Looks like there will be fewer lines — er, of many sorts — downtown this weekend.
Yassine Enterprises owner Hussein Ali "Mike" Yassine has been taken to the house for quite the laundry list of lapses in legality along with nine other cohorts — many of whom are relatives.
Drug trafficking (specifically that of cocaine), tax evasion, money laundering, and transferring firearms for said drug trafficking are just some of the federal crimes that resulted in a Thursday morning raid by not only the FBI but the IRS, DEA, TABC and APD.
Yassine Enterprises runs what would seem like the majority of liquor-drenched hangouts on "Dirty 6th," as it's disaffectionately known by many Austinites.

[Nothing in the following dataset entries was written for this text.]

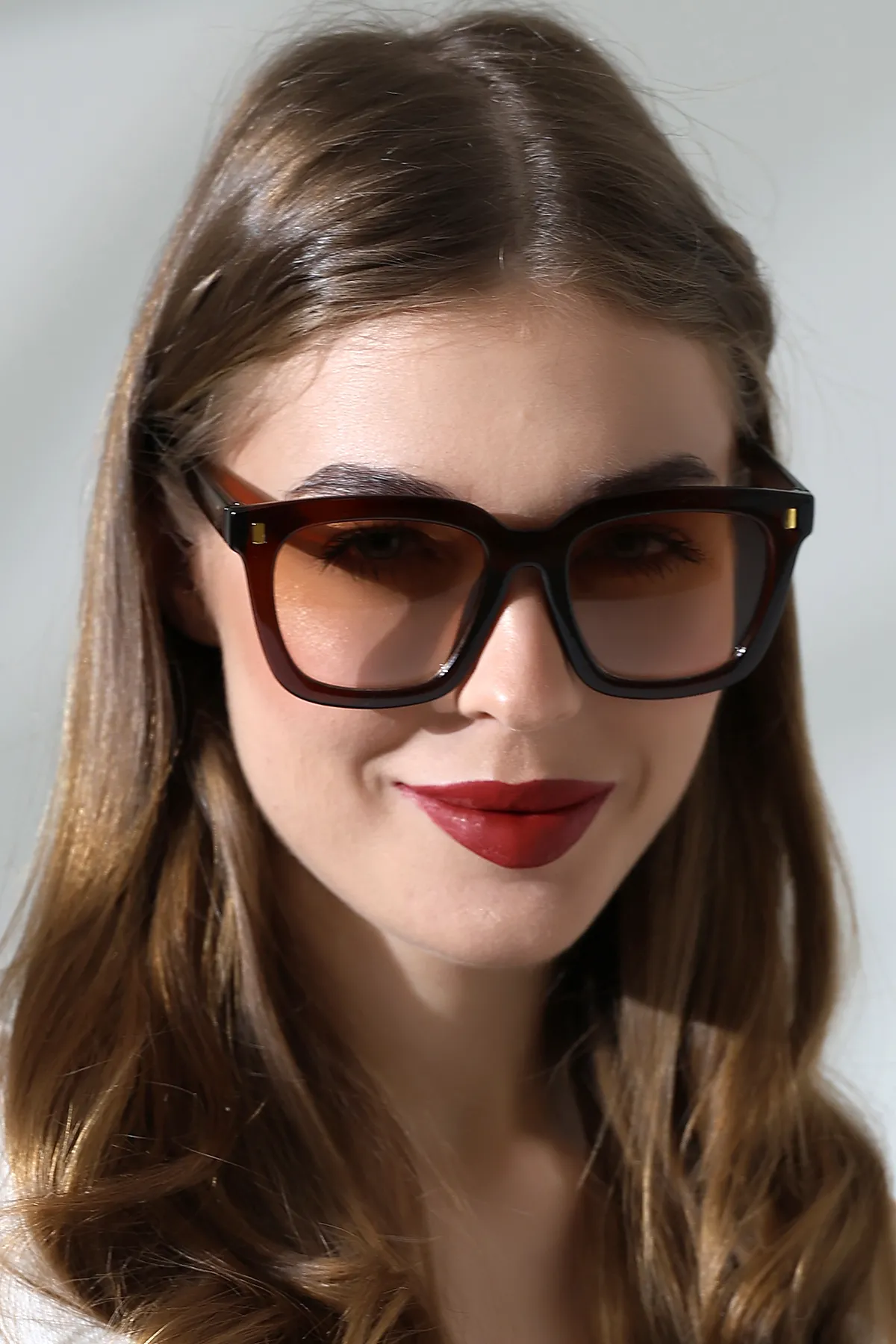 Kadın Kahverengi Kare Açık Renk Cam Güneş Gözlüğü 23013 C3 A
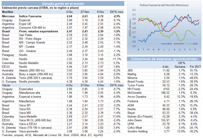 本周南方共同市場閹牛指數(shù)還算堅(jiān)挺,受益于阿根廷和巴西牛價(jià)上升,漲了1美分到2.64美金。巴西本地牛價(jià)上漲,雷亞爾也有所增值,美金牛價(jià)漲了4美分到2.47美金,阿根廷本地牛價(jià)穩(wěn)定,比索增值,美金牛價(jià)也漲了4美分到2.49美金,烏拉圭和巴拉圭正相反,烏拉圭牛價(jià)暴跌10美分到3美金,巴拉圭跌了2美分到3.08美金,因此現(xiàn)在巴拉圭成了該地區(qū)牛價(jià)最高的國家。
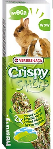 Mega Sticks Rabbits-Guinea Pigs Green Meadow са крекери за зайци и морски свинчета с вкус на зелена ливада. 2 бр крекери, всеки по 70 гр. Обогатени са с витамини, аминокиселини и минерали. Zoomagazin ZooMall препоръчва тези продукти.
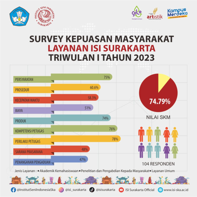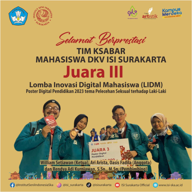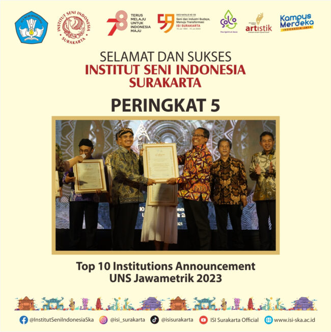 HUMASISISKA-Direktorat Jenderal Pendidikan Tinggi, Riset dan Teknologi (Ditjen Diktiristek) memberikan perhargaan kepada perguruan tinggi negeri (PTN) atas capaian 8 indikator kinerja utama (IKU) dan pembangunan zona integritas (ZI) menuju Wilayah Bebas dari Korupsi (WBK) tahun 2022. ISI Surakarta mendapatkan penghargaan dalam kategori IKU (Indikator Kinerja Utama) 6 yaitu meningkatnya kualitas kurikulum dan pembelajaran serta persentase…
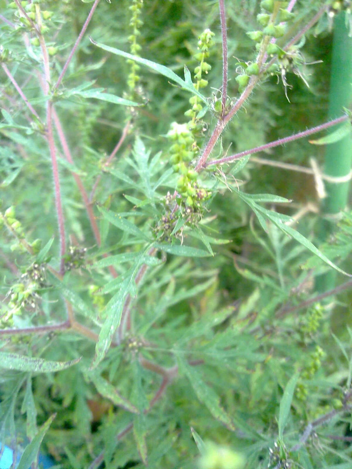 Wahrscheinlich durch Samenflug bei mir gelandet, sah dieser unbekannte Sämling anfangs aus wie eine zu lang und sperrig geratene Tagetes (in diesem Stadium hab ich leider nicht geknipst). Die Blütchen erschienen vor etwa fünf Wochen und sind graugrün (schade! Ich nahm an, es kommt was Blaues oder Rotes) und anscheinend traubig angeordnet, ähnlich wie bei der Brennnessel. Die (einzige vorhandene) nicht verholzende Pflanze ist mittlerweile 180cm hoch und hat fast einen Meter Umfang an der breitesten Stelle. Die Blütenstände befinden sich ziemlich in einer Höhe, in der Mitte aber klar am höchsten. Deutlich erkennbar sind die rot überhauchten Triebe, die Blätter sind tief gelappt, fast bis zur Mittelrippe. Morgen schau ich mir nochmal die Blatt- und Triebstellungen an, ich meine Wechselständigkeit vorherrschend, vielleicht sind aber die Blütenstände von gegenständigen Nebenblättern umarmt.
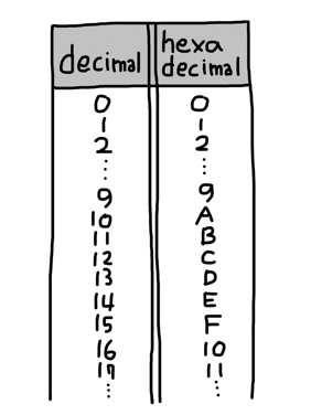 16진법은 한 자리에 16개(0 1 2 3 4 5 6 7 8 9 a b c d e f)의 문자를 사용한다.
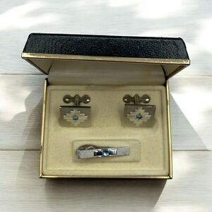 VINTAGE SWANK SILVER/BLUE RHINESTONE CUFF LINKS AND TIE BAR - NIB
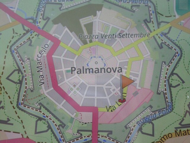 Notre voyage se poursuit vers le nord. Mais avant de faire halte en Autriche, nous voulons visiter Palmanova. Cette ville fortifiée en étoile devait être bâtie selon le modèle de la ville idéale de la Renaissance. Ce qui fut vraisemblablement le cas lorsque l’on regarde les photos aérienne. Elle fut surtout une ville de garnison. Elle a servi de forteresse jusqu’à la première guerre mondiale. Le plan de la ville laissait envisager une visite assez intéressante. En fait, une fois dans les rues, difficile de constater le plan de construction. Mais il est vrai que sur la place centrale on voit assez bien les angles. Ceci dit, la ville n’a aucun charme particulier, même si elle a été classée monument historique en 1960. Seule une balade hors-les-murs dans les douves et sur les remparts extérieurs offre quelques jolies vues.
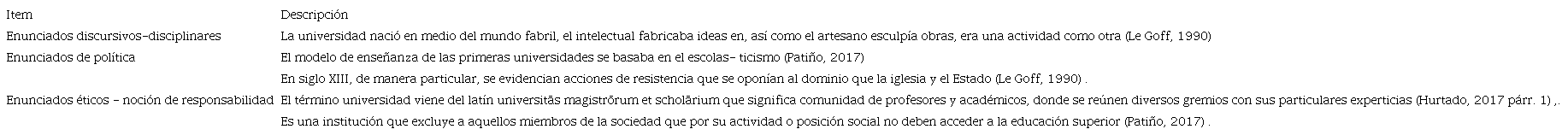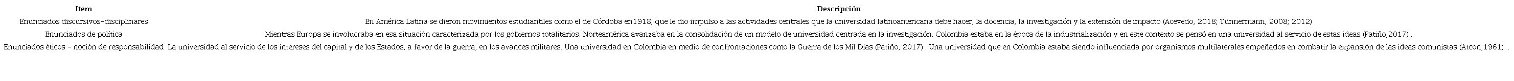 Se presentan los hallazgos relacionados con los componentes del diseño metodológico desde una perspectiva histórica, reflexiva y crítica, donde se analizan las trayectorias de la responsabilidad de la universidad. Se toman elementos de la arqueología con el fin de analizar las prácticas discursivas que se dan alrededor de la responsabilidad de la universidad, tales como el archivo, el enunciado y las formaciones discursivas, a nivel genealógico, se analizan las prácticas no discursivas asociadas con el poder. En este sentido, implica analizar desde la historia misma de la universidad ¿cuál es la responsabilidad que la ha caracterizado?, y ahí evidenciar elementos de la racionalidad política, fines y procesos de subjetivación que gobierna los discursos de la responsabilidad de la universidad.

Listed as venues on the Yassine Enterprises website are Hyde, Kiss and Fly, Roial, Pure, Malaia, Spill, Fuel, Treasure Island and Stack Burger Bar. This weekend, bar-hoppers and pick-up artists alike will be greeted by locked doors and TABC signage stating that bars' licenses are temporarily suspended.
Attention was first brought to Yassine Enterprises in the fall of 2011 when a group of over 50 disgruntled workers filed a class action lawsuit over minimum wage violations. Bartender Jack Webb claims that Mike Yassine refused to pay wages to employees who received tips. From a press release sent on Jan. 18 regarding the suit:
The former employee, who brought the suit, Webb, explained that he pursued the suit to right what he saw as a clearly improper and illegal business practice and to prevent further blatant violations of federal law. He also wants to obtain some measure of justice for himself and the others victimized by what he saw as an abusive business practice. “I just want myself and the other victims to obtain what the law says we are entitled to, and hopefully prevent further exploitation of wage earners in the future,” he said.
Serious concern continues to be expressed for the innocent employees that will undoubtedly lose their jobs in the crossfire of the company's federal charges.
"It comes as a surprise to me. [Mike Yassine] is one of the strongest players down here," Bob Woody, an owner of 22 downtown businesses, told KXAN. "My biggest concern right now is the staff that works for him. He employs a lot of people. And you know the typical bar might have anywhere from 15 to 20 employees, so we may be talking about a couple hundred people and their employment."
With so many bars in question, what's next for downtown's nightlife scene? It would appear that one of the largest glass houses in Austin has just been shattered, and the shards have landed everywhere.